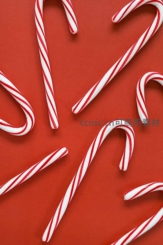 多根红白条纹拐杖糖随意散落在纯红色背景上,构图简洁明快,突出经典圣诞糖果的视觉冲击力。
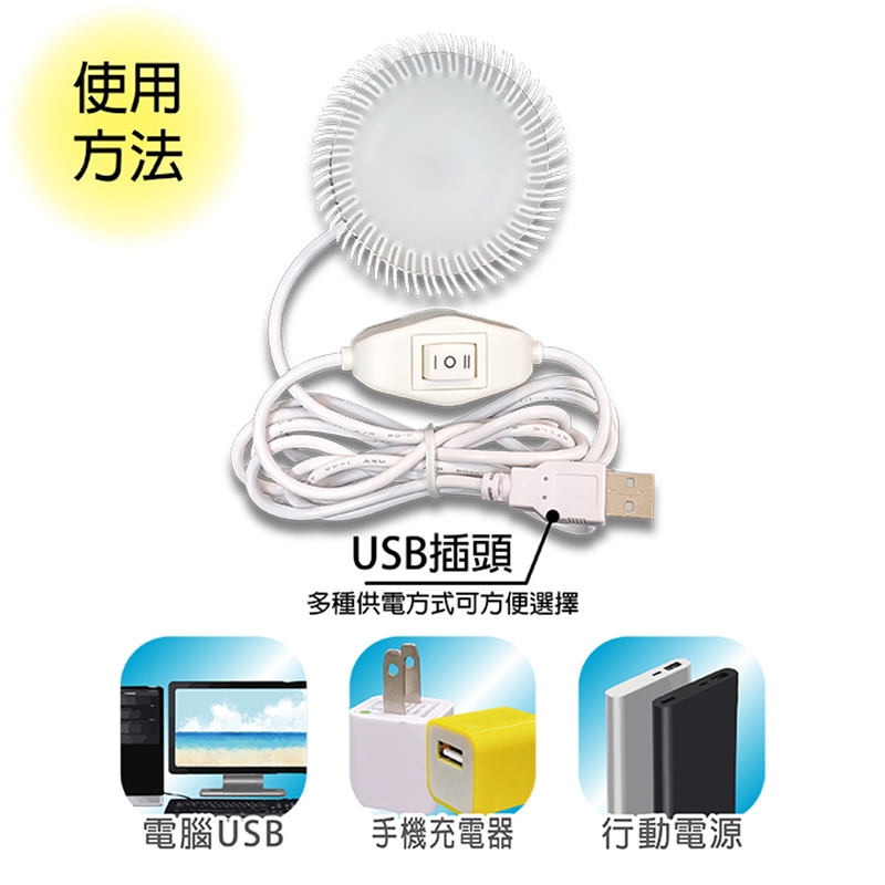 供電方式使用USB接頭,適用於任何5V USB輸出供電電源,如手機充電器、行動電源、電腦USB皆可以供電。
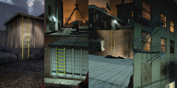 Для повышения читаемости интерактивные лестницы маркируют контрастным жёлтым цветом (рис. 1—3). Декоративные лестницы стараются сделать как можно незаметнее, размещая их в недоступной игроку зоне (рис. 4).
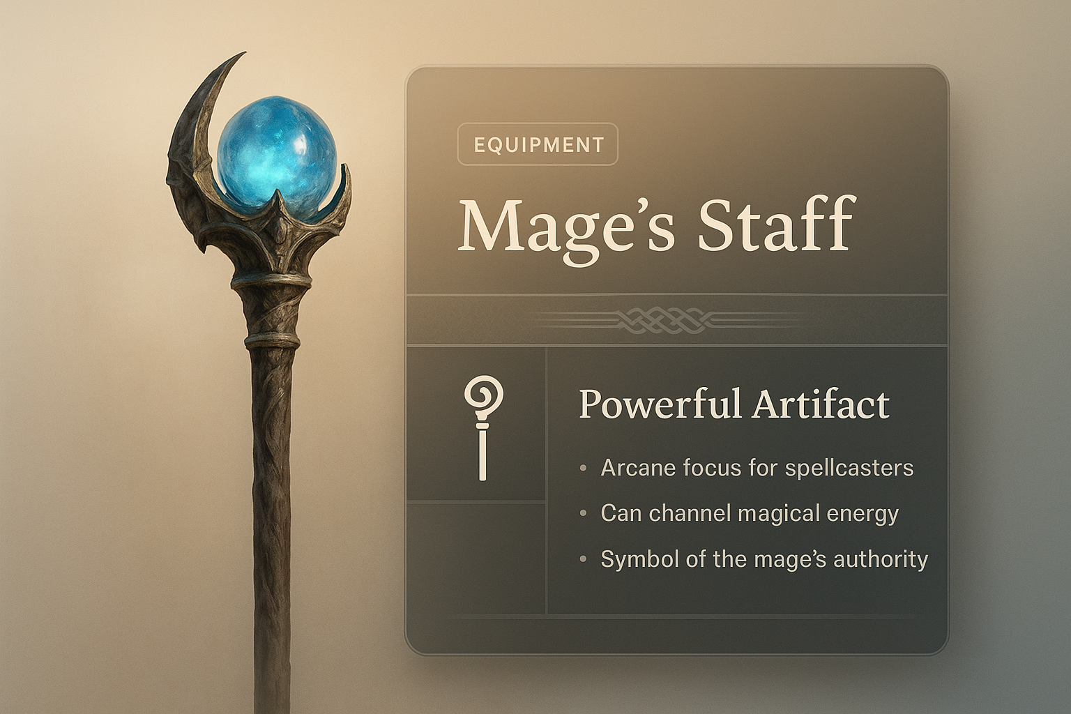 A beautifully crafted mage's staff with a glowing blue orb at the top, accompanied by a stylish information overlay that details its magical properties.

- ABOUT THIS TASK
Pictures stay out; print everything else in the data exactly.

- YOUR SOLUTION
 多根红白条纹拐杖糖随意散落在纯红色背景上,构图简洁明快,突出经典圣诞糖果的视觉冲击力。
 供電方式使用USB接頭,適用於任何5V USB輸出供電電源,如手機充電器、行動電源、電腦USB皆可以供電。
 Для повышения читаемости интерактивные лестницы маркируют контрастным жёлтым цветом (рис. 1—3). Декоративные лестницы стараются сделать как можно незаметнее, размещая их в недоступной игроку зоне (рис. 4).
 A beautifully crafted mage's staff with a glowing blue orb at the top, accompanied by a stylish information overlay that details its magical properties.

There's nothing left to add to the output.